FIELD OF THE INVENTIONThis invention relates to the field of containers, and more specifically, to a container having a closure with tamper-indicating and locking mechanisms and a base for mating with test equipment.
BACKGROUNDCurrent containers for various substances such as test samples, beverages, foods, medicines and the like are provided with re-sealable closures. Such closures provide a benefit to the user in that the containers can be tightly sealed and resealed after opening. Although re-sealable containers provide benefits to users, by their nature they permit unauthorized and sometimes undetectable tampering with the substance. Accordingly, many containers include tamper-indicating closures, which are designed to make it apparent to a user that a container has been opened.
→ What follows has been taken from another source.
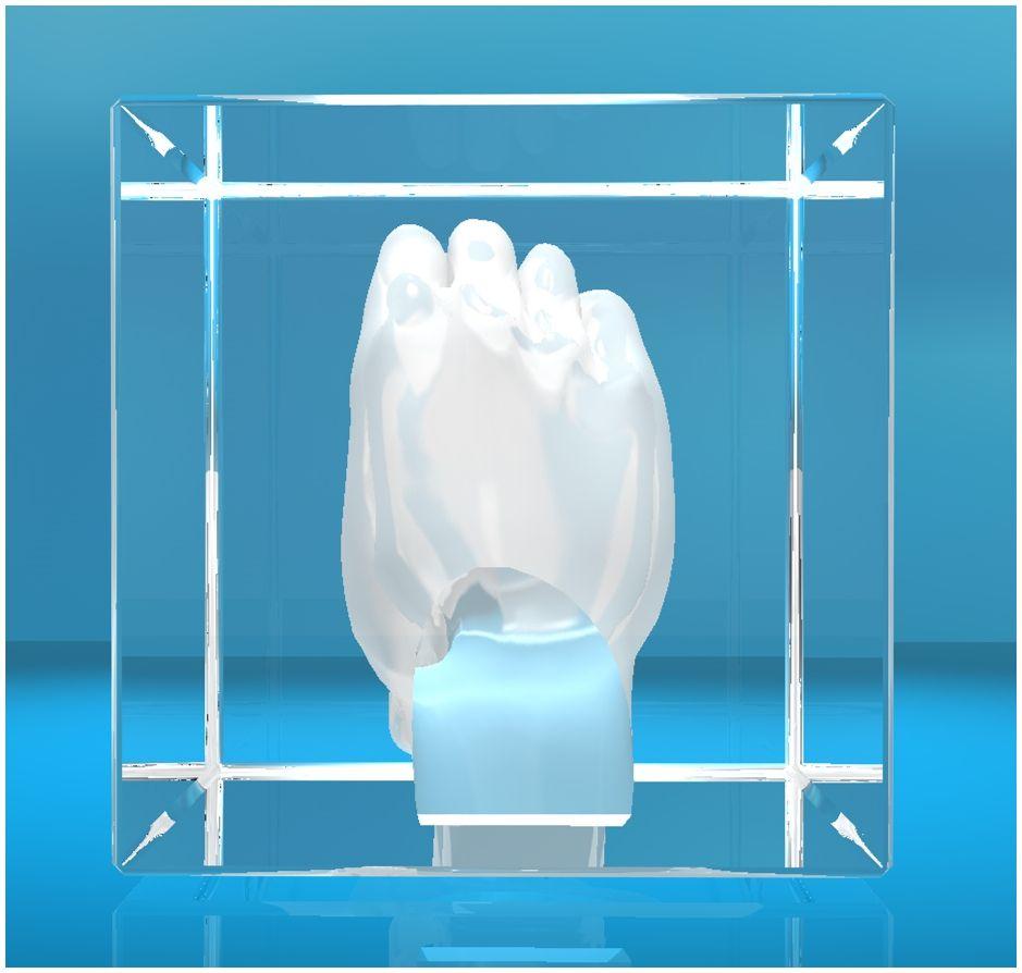 - 3D Glaskristall mit dem abgebildeten Motiv in den Abmessungen 80x50x50mm

One problem with current tamper-indicating closures, such as tamper evident bands on soft drink bottle closures, is that they do not allow for secure locking of the container after an initial opening.
A need therefore exists for an improved container, a closure for a container, and a base for a container. Accordingly, a solution that addresses, at least in part, the above and other shortcomings is desired.
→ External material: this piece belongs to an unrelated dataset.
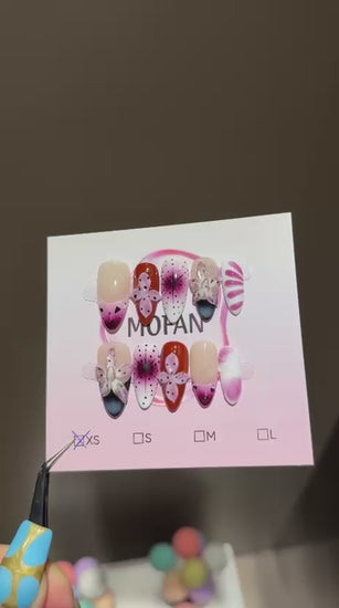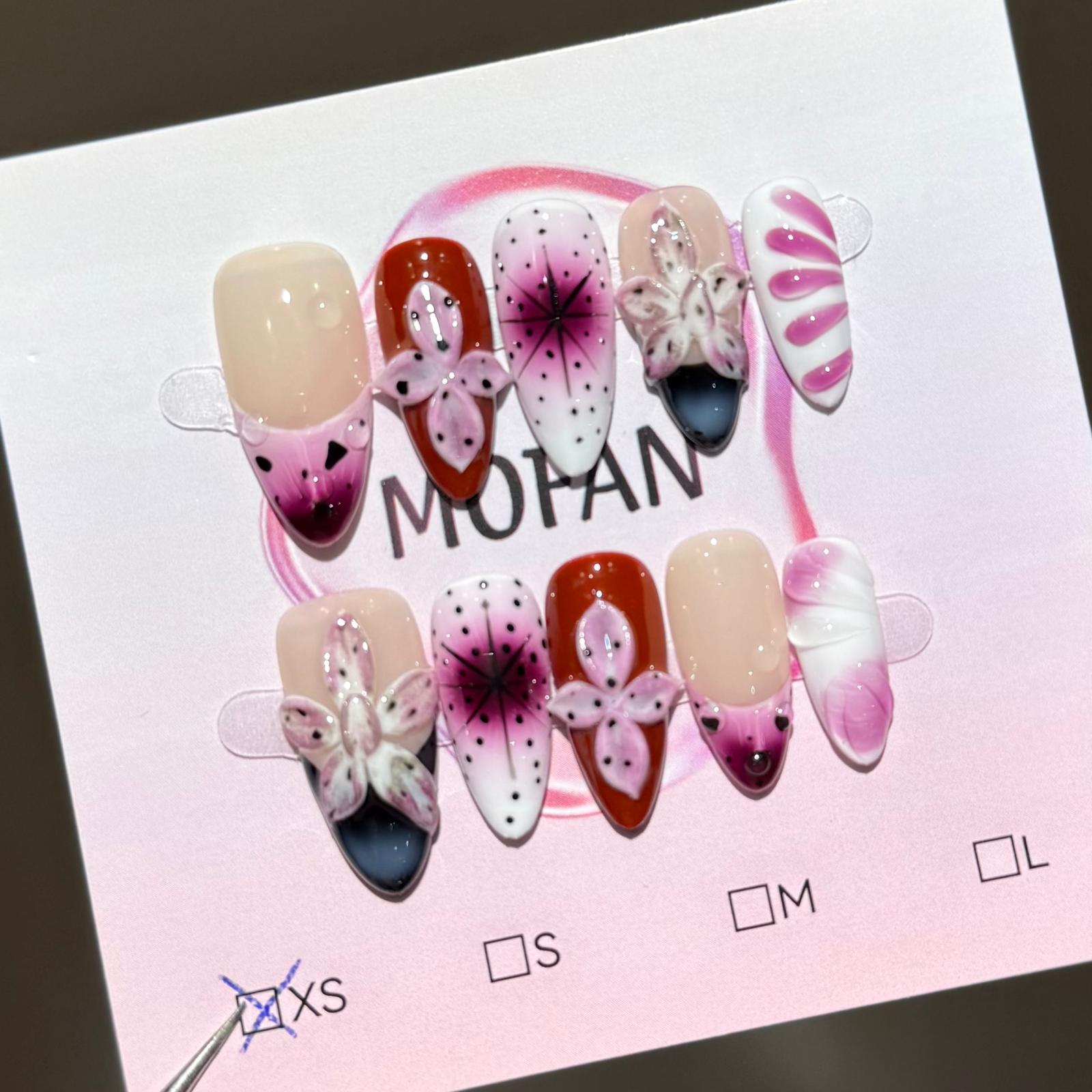 This nail set features an elegant and creative design blending shades of pink, burgundy, black, and white. The oval nails showcase a mix of hand-painted floral patterns, gradient effects, and delicate dot detailing. Some nails are adorned with 3D butterfly embellishments for a soft, feminine touch, while others feature modern swirls and ombré fades. The combination of artistic designs and textured accents gives this set a chic, romantic, and fashion-forward appeal.

SUMMARY OF THE INVENTIONAccording to one aspect of the invention, there is provided a container, comprising: a body; and, a closure; wherein the closure has a lid hinged to a ring mounted on the body, the lid moveable from an open position to a closed position; wherein the lid has a tab hinged thereto for: inserting into and engaging a slot formed in the ring as the lid is moved to the closed position from the open position to thereby lock the lid in the closed position; or, receiving and engaging a pin head of a pin mounted on the ring in a hole formed in the tab to thereby hold the lid in the closed position, the pin configured to detach from the ring when the tab and lid are returned to the open position. The container may include a recess formed in a base of the body for mating the container with test equipment.
Features and advantages of the embodiments of the present invention will become apparent from the following detailed description, taken in combination with the appended drawings, in which:
It will be noted that throughout the appended drawings, like features are identified by like reference numerals.
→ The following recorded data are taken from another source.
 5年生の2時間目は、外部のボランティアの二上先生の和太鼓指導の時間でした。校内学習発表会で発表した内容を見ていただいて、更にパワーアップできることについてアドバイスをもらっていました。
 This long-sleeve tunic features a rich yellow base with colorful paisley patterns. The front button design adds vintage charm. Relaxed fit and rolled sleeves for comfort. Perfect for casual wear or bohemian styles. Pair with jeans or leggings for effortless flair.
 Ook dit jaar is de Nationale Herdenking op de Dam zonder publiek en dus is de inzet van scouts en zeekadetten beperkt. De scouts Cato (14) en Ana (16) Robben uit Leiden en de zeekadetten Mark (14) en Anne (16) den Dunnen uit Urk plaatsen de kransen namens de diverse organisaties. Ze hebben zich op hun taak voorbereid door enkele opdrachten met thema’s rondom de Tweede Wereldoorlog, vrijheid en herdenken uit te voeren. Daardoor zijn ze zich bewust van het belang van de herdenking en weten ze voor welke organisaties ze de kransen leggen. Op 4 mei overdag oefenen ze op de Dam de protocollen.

DETAILED DESCRIPTION OF THE EMBODIMENTSIn the following description, details are set forth to provide an understanding of the invention. In some instances, certain structures and techniques have not been described or shown in detail in order not to obscure the invention.
According to one embodiment, the container (or cartridge or test cartridge) 100 includes a hollow container body 110 and a closure 120. The body 110 and closure 120 may be formed from a clear or opaque material such as glass, plastic, or metal. Plastics used may include polypropylene, polyethylene, polyamide including nylon and variations of nylon, blends, and copolymers of these. The closure 120 includes a lid 130 which is movably coupled by a hinge 140 to a ring or collar 150 mounted or formed on the body 110. The ring 150 couples the closure 120 to the body 110. The ring 150 may be a molded feature of the body 110 or may be integral with the body 110.
The body 110 is shaped to hold a liquid or solid substance. According to one embodiment, the substance may be a liquid to be tested. According to one embodiment, the body 110 may be cylindrical in shape having a side wall 200, a base 500, and an opening 600 at the top 610 of the body 110 which may be sealed by the closure 120.
The closure 120 includes a tab 170 which is movably coupled by a hinge 180 to the lid 130. The tab 170 has an opening or hole 620 formed therein for receiving a compressible head 161 of a pin 160 having a shaft 162 that is mounted on the ring 150 over an opening or slot 400 formed therein for receiving the leading edge 171 of the tab 170 and a portion of the tab 170 itself.
From the opened position 190 shown in
In moving to the held closed position 790, the pin head 161 compresses to pass through the hole 620 formed in the tab 170 after which the pin head 161 expands to (or near to) its original size to hold the lid 130 closed, the shaft 162 of the pin 160 having a smaller diameter than that of the pin head 161. According to one embodiment, grooves or notches 163 formed in the pin head 161 allow the pin head 161 to compress to pass through the hole 620 formed in the tab 170. The pin head 161 may be tapered to allow it to more easily pass through the hole 620 formed in the tab 170. The lid 130 may engage the top portion of the side wall 200 (i.e., the portion of the side wall 200 above the ring 150) in the closed position 790 so as to render the container 100 at least partially air and/or water tight.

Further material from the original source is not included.